Nos recostamos uno a lado del otro. Puso su mano en mi pecho y me pidió que comenzara a leerle. Y eso hice. Empecé por la dedicatoria, despacio. A cada vuelta de página, la respiración se volvía más intensa. Queríamos llegar al final, intentamos incluso saltarnos algunos capítulos, pero no, seguimos en ese vaivén de ir y venir. Nos regresábamos a las partes que más nos gustaron y aquellas que no entendimos bien, las dejamos para una segunda lectura más a fondo. Y así fuimos, leyendo cada vez más deprisa, rítmicamente, en un baile sin fin...

Hasta que terminamos.

Puse el libro sobre la mesa de noche y nos quedamos acostados. Disfrutamos el calor de nuestros cuerpos y la explosión de nuestra lectura. Y así, sin más, se quedó dormida, mientras mi brazo la rodeaba y mi mente divagaba, imaginando una vida llena de libros, libretas, blocs y hojas donde íbamos a escribir nuestra historia.

Pérdida




Te esperé, con un vaso de agua y dos cigarros. Al final del otoño, sentado en una banca, con un ramo de flores y la mirada buscando tu silueta, entre cientos que se encontraban frente a mí.

¿Acaso te preguntaste en donde estaba?

Te esperé, con una copa de vino y una carta. Al inicio del invierno, cuando empezó la caída y el peso de cientos de hormigas en mi mente. Aquellas que poco a poco iban llenando los espacios vacíos con gangrena y un poco de soledad.

¿Acaso pensaste en cuanto me dolía?

Te esperé, con una botella de tequila y un limón. Cuando el frío se volvió incansable y mis pies no pudieron seguir. Y tú sabías muy bien como eso me consumía, rodeado de mis demonios, en un valle de sal y viento.

¿Acaso dudaste cuando me apuñalaste?

Te esperé. Al final de todo, cuando los días se confundían con las noches, en un sinfín de horas pasando por entre el hueco de la puerta, diluyéndose lentamente, con las memorias y los besos olvidados.

¿Acaso volteaste cuando te fuiste?

Si, te esperé. Estúpida y neciamente te esperé. Aún después de la muerte, te esperé. A pesar de saber que te había perdido hacia mucho tiempo.
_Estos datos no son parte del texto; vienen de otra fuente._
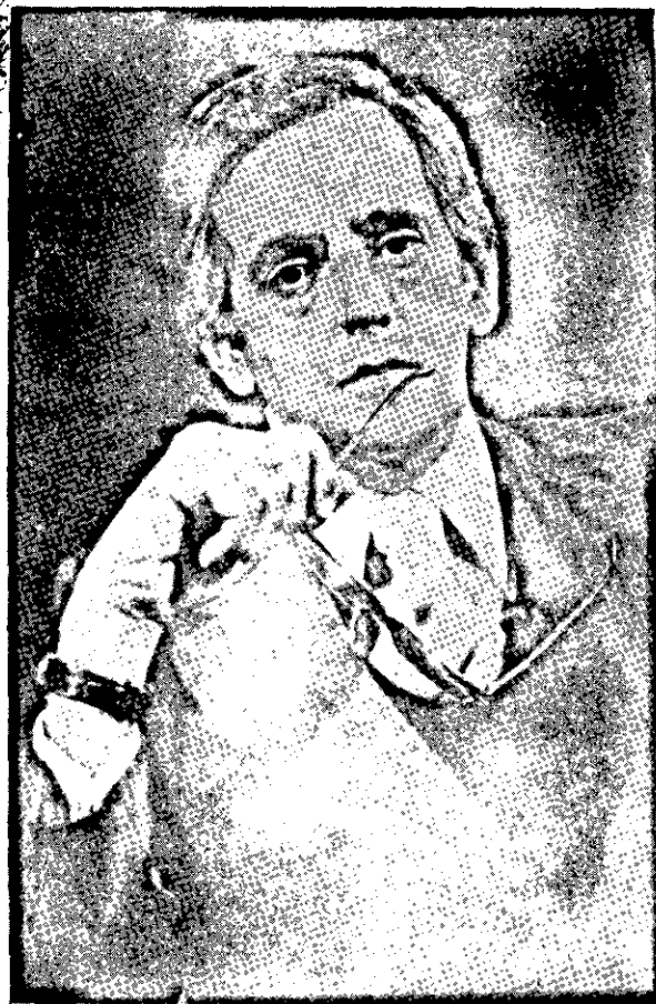
A NOVA "FERA" DA TELEVISÃO BRASILEIRA: FLÁVIO CAVALCANTI, O CRIADOR DE CASOS.

Pequeña historia de sexo y miseria




Y ahí estaba yo, de nuevo. Ebrio. Con el fuerte aroma de un perfume de catálogo pegado a mi nuca, como una costra de sangre, que rascas y lo único que logras es hacerla sangrar de nuevo. Ella es persistente, su risa burbujeante con olor a aguardiente mostraban los dientes más amarillos que en mi vida había visto. Su lengua buscaba a cada rato la mía, salivando, como si de ello dependiera su dinero. Y mis manos le sobaban las nalgas, atrayéndola hacia mí, sintiendo su calor y bebiendo de su cuerpo.

Otro vaso de vodka encuentra la muerte en mi garganta. La mujer que encontré ahí me trae otra copa y me enciende un cigarro, pintando las orillas de un falso carmín. Lo tomo y a ella la siento en mis piernas. Los grotescos contoneos que hace, con lo que alguna vez fueron caderas, intentan provocar en mí una erección. Pero todo esto me parece tan banal y miserable que mi pene permanece inerte. "Y que, ¿yo no tomo?, papi", me dice. Le invito de mi vaso y de un trago desaparece la mitad de la bebida. Se ríe. Con el dorso de la mano se limpia la baba e intenta besarme de nuevo. Giro la cabeza y sus labios solo alcanzan a rozarme la oreja. "¿No te gusto, papi?", me dice. Le respondo que no es eso, simplemente no me gustan los besos.

La tenue luz en este bar dibuja sombras y despiertan monstruos. Monstruos de media noche y melancolía. Y, a pesar de que ahora la mano de mi amante frota sobre el pantalón mi entrepierna, me siento más solo que nunca. Ambos sabemos muy bien que lo hace por los doscientos pesos que cuestan sus caricias. Y poco a poco, la debilidad de mi carne reacciona y mi corazón llora. Me levanto al baño, intentando ocultar la vergüenza de mi inminente erección.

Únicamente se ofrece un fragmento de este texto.